If you find one, I think everyone here would love to know


----------



## NancyJ (Jun 15, 2003)

I do have a 10 inch best ball. I would not say indestructable but it is not that expensive and you can see the damage growing on it (Beau's has a lot of gouges but none have penetrated the plastic yet)

The Best Ball HUETER (Pet Equipment Supplies - Toys)


----------



## Magwart (Jul 8, 2012)

At an animal wellness fair, representatives of Tuffy's Toys convinced me to try their $20+ squeaker toys -- made of ballistic nylon, triple stitched, tested with a bengal tiger. They swore up and down it would stand up to a German Shepherd. :smirk:

It took my clever GSD girl less than half an hour to figure out how to open it by _grinding _the heavy-gauge stitching between her back molars until she loosened a few threads. Then she kept at it until she managed to open a seam....and the toy was done for. She was _determined _to get that squeaker out. Maybe bengal tigers aren't bright, but for a GSD, that toy was an expensive puzzle, nothing more. I wrote to them after that to see if they'd stand behind the supposedly indestructible toy, and of course they would not.

I've used Kyoji's "invincible" line of squeakers and view them as super-fun but also super-disposable. If I can find them online for around $10, it's a great treat--and while my smallest, gentlest GSD would never tear it up and loves to cuddle these toys, the rambunctious boys she lives with are very happy to rip them up.

The only thing that I've never seen destroyed is a black kong. Even the red kongs _eventually _give out in the jaws of a heavy chewer. 

The big, soft rubber Jolly Balls with the handle have also stood the test of time. I think the one I ordered was actually a horse toy, not that it matters. It's been punctured all over the ball, but it's held its shape and is still a favorite when we pull it out. I don't leave it out though -- it's a "special" toy.


----------



## Cheyanna (Aug 18, 2012)

No such thing exists. I too bought the so called tuff toy. Ha. Not to Fiona it was not. I have tried the firehose toy. She killed it. I bought a tennis ball encapsulated in rubber. She destroyed it. After having spent hundreds of dollars on so called toys only to flush that money down the loo, she only gets bones. Toys she has to play with me, so I can stop the destruction.
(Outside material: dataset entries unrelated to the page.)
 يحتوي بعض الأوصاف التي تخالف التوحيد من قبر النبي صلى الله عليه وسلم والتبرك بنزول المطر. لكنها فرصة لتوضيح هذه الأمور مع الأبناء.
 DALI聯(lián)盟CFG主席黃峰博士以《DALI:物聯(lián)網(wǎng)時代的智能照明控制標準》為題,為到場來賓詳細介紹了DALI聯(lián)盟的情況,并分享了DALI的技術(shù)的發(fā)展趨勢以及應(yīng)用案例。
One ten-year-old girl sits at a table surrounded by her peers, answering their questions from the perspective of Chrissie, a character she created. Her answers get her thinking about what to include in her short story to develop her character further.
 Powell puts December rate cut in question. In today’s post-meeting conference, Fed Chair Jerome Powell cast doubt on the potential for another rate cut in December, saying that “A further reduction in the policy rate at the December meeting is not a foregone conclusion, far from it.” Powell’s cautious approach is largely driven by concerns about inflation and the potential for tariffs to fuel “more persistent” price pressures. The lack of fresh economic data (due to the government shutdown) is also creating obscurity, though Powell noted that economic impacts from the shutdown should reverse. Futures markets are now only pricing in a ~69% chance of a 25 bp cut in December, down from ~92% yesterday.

Sent from Petguide.com Free App


----------



## GermanShepherdDog (Mar 26, 2012)

There's no such thing as an indestructible dog toy, but there are some really heavy duty dog toys out there. Jolly Ball, Unbreakoball, Egge, Nylabone Galileo Bone, GoughNuts are just a few good dog toys.


----------



## Cheerful1 (Sep 27, 2011)

The closest we've found are the Kong Squeezz. Bought the large ball, bone and stick.


----------



## AllyMW (May 26, 2012)

We just bought her the black kong bone & an elk/deer antler so she seems to be pretty content with those two at the moment.

The toys she has gone through:
Invincible squeaky snake
Firehouse toy
The no sound toys with the squeaky on the dog can her 
And numerous amounts of shoes


Sent from Petguide.com Free App


----------



## trcy (Mar 1, 2013)

tough toys are not so tough. My 33 pound shepherd, chow, poodle mix tears them up in under 20 minutes. Anything with a squeaker he will destroy to kill the squeaker even the kong ones. 
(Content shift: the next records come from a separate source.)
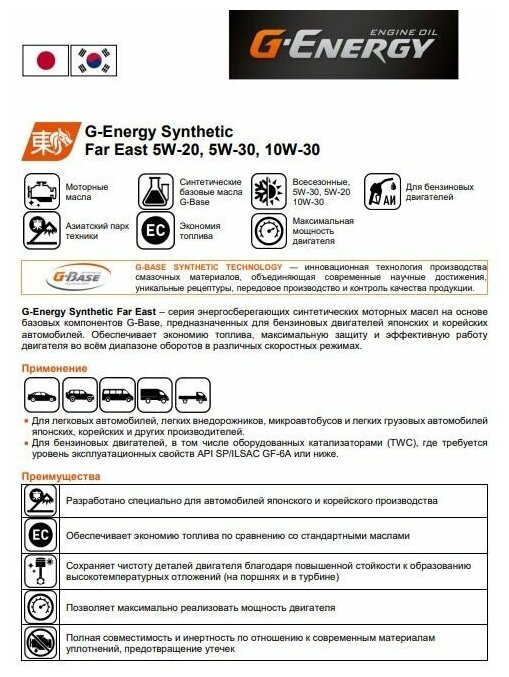 Масло моторное G-ENERGY Far East 5W-30 4л синт. API SN/GF-5
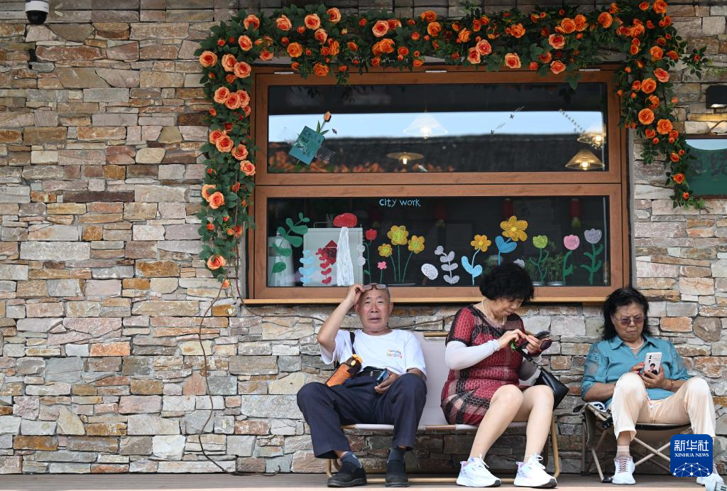 游客在西井峪村的一家民宿前休息(7月6日摄)。
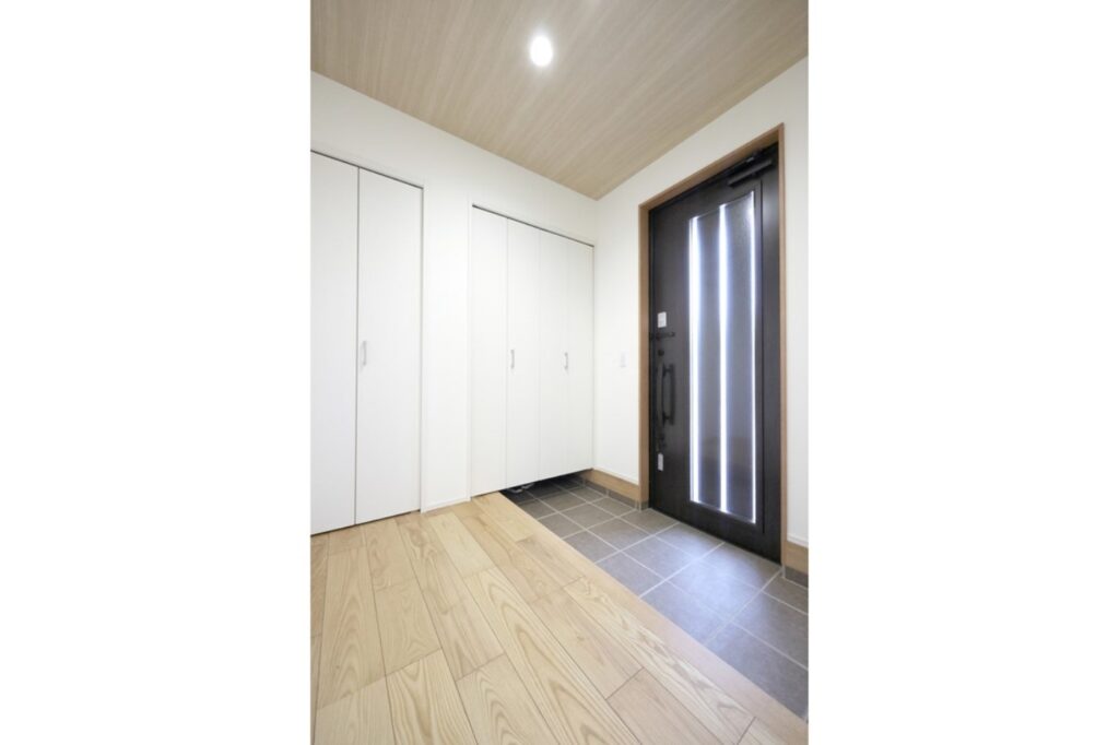 広々玄関は、扉を付ける事により収納力も抜群でスタイリッシュに仕上がっています。

So far the GSD has not torn up any toys. He prefers to tear up my squash plants.


----------



## Caitydid255 (Aug 28, 2010)

So far lacrosse balls have prove indestructible to everything except the lawn mower. We recently got a large Jolly Egg and that seems to be holding up fairly well. 
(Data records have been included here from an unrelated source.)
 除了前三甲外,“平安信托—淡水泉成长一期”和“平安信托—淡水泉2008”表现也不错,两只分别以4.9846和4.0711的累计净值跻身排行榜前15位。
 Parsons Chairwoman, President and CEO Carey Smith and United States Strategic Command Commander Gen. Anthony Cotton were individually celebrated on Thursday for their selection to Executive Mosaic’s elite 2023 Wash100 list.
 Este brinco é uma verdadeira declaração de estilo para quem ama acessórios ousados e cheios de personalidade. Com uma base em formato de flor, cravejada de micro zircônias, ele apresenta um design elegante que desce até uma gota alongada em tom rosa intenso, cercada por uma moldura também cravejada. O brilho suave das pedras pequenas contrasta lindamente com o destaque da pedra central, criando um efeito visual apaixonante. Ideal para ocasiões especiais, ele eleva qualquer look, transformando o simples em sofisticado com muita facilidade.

The Kong Extremes seem to last quite a while. Petco used to have a policy where if a king was destroyed they would replace it. The manager certainly got sick of me.


----------



## gsdraven (Jul 8, 2009)

The West Paw toys have been the best I have had so far. The Tizzi can be thrown or you stuff treats in it and my heavy chewers haven't even left a tooth mark in it yet. We have the balls too but they are heavier than what my dogs like.

Amazon.com: West Paw


----------



## GermanShepherdDog (Mar 26, 2012)

Boomer Ball is good too, one of the best.


----------



## Jasmine0913 (Jun 30, 2014)

Varsity ball is GREAT


----------